Variation of voltage across shunt resistor across several frequencies. (Image courtesy of Bourns.)The above image shows the response of a shunt with (red) and without (blue) a compensation network over a frequency sweep of 1 MHz. The compensation keeps the voltage stable over different frequencies while the voltage grows significantly as the frequency increases beyond 20 kHz.
High-Speed Protection of Cell Voltages From High Energy
Battery cell monitoring lines in a stack in high voltage systems are vulnerable to hazardous transients and require ultra-fast overcurrent protection to prevent damage to the internal ESD diodes in the event of a hazardous transient. For example, the Bourns Model TBU-CA085-200 high voltage (850 V) MOSFET device behaves like a resistor until the current reaches its threshold (200 mA) at which point the device will trip. To reset, the voltage across the device must fall below its reset voltage (typically, 15 V). The DC load line characteristics for this device are shown below.

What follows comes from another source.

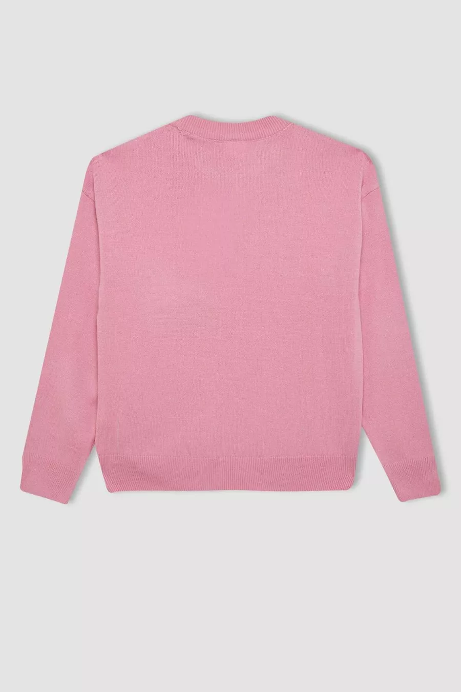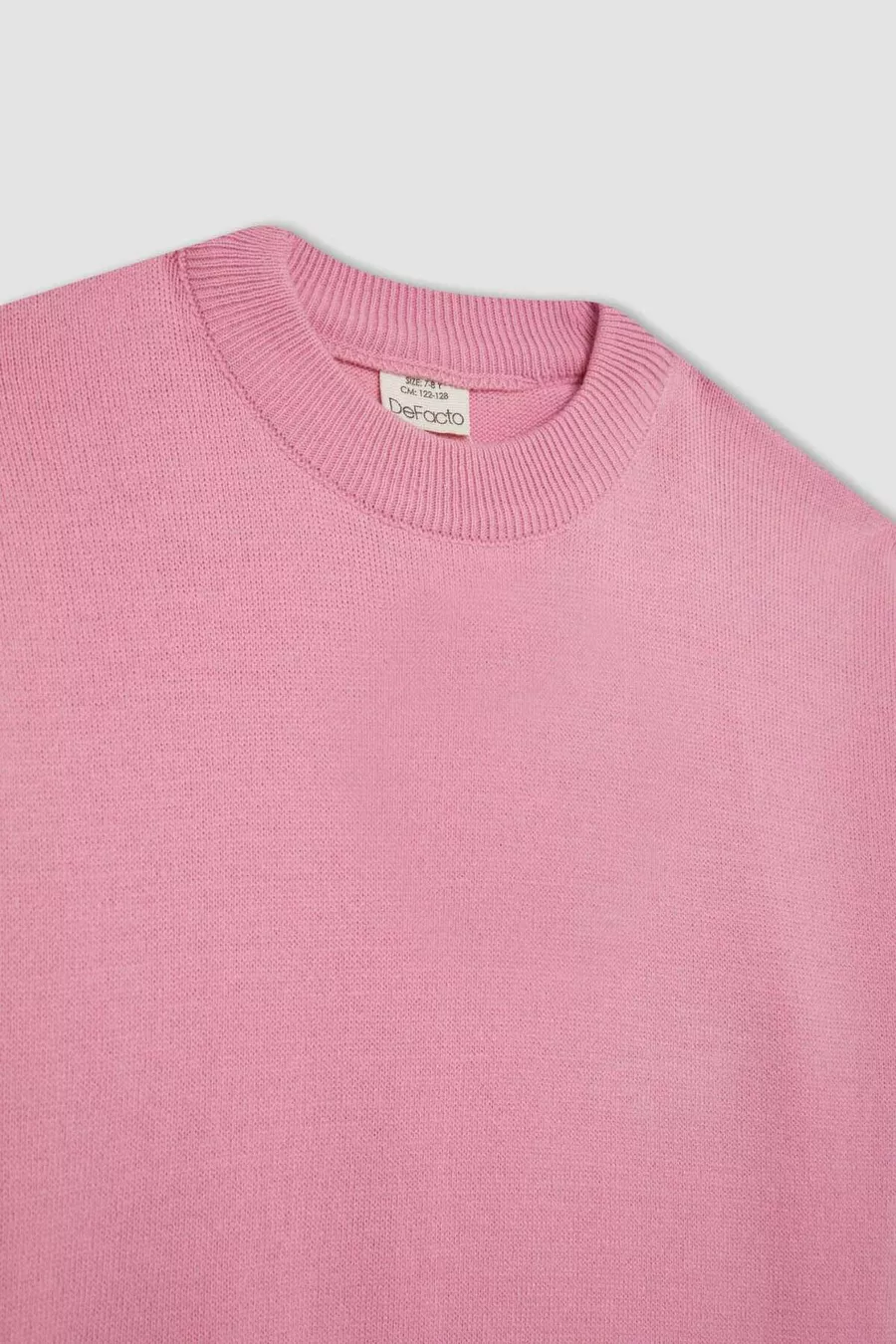 Girls' Light Pink Standard Fit Crew Neck Basic Plain Knit Sweater AU

Protection Using Galvanic Isolation
Isolation barriers serve to protect equipment and humans from harmful voltage surges. They also enable communication between a transmitter and a receiver, referenced to very different ground potentials. In the case of battery management ICs connected together in a point-to-point configuration as illustrated below, two-wire communications designed to operate over an isolation barrier are used. Signal transformers such as Ethernet LAN magnetics are ideal for providing the isolation needed and provide the value-added feature of a common mode choke inside for reducing common mode noise.
For battery stack applications with voltage levels higher than 400 V, it is common to specify reinforced (or double) insulation with hi-pot testing of 4 kV or higher. Reinforced or double insulation both require the use of three layers of insulation. Reinforced insulation consists of triple insulated wire on either the primary or the secondary. Double insulation requires one side of the transformer to have double insulated wire (supplementary) while the other side requires wire with one layer (single insulation). Often, designers must make compromises to achieve the desired level of safety while maintaining good levels of signal integrity as well as meeting target costs and form factor size goals.

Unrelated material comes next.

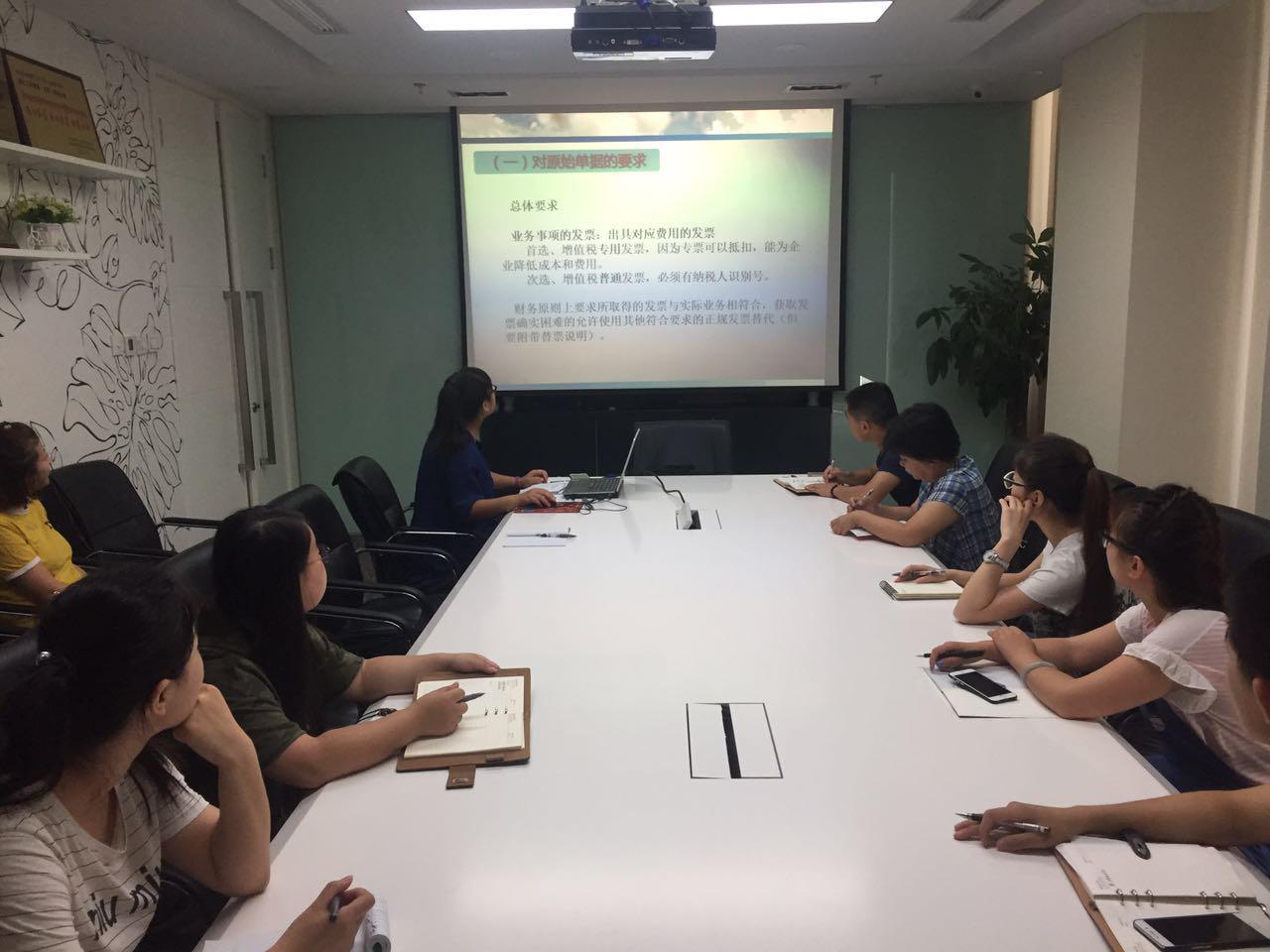 71日,国家税务总局关于发票的新规出台以后,公司财务部按照新规的精神对内部费用报销进行了规范,新规实施两个月以来,财务部们针对各部门在费用报销中存在的问题进行梳理,对开票过程中存在的疑问进行汇总整理,形成规范的培训文档,并对各部门相关人员进行了系统的培训。参会人员认真学习,针对有疑惑的地方及时提问,培训人员对各种问题认真解答。收到良好的培训效果。

LAN transformers twist the primary and secondary wires together to minimize leakage inductance. However, as the thickness of the insulation increases, it becomes harder to twist the two together and winding machines experience additional challenges to thread the windings through the toroid. It is often more practical to use double insulation rather than reinforced insulation due to the narrower wires involved. The leakage inductance between the primary and the secondary is proportional to the surface area of the insulation between the coils. Therefore, the thicker the insulation of the wire, the higher the leakage inductance. LAN transformers are also bulkier, not just due to wider cores but also due to their creepage and clearance distances. For example, a LAN transformer with a working voltage of 370 V in a pollution degree 2 environment must have a creepage distance of at least 7.7 mm according to IEC 60950. Consequently, isolated communications with high working voltages using Ethernet magnetics require a tradeoff between safety, size, cost and signal integrity.

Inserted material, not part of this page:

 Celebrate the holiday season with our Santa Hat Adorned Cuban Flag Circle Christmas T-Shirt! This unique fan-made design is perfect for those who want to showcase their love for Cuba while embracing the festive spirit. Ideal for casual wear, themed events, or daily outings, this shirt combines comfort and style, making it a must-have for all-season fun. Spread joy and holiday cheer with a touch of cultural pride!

Battery monitoring ICs require stable DC bias voltages. This is typically accomplished using an isolated topology such as “push-pull” or “flyback.” By putting an isolation barrier around the power supply, the ground potential difference between the supply ground and the battery IC ground is removed and the risk of the ground potential appearing on signal lines as a common mode voltage is essentially eliminated. Power transformers rely on IEC 61558 for determining the required creepage and clearance distances for the relative working voltage and level of insulation.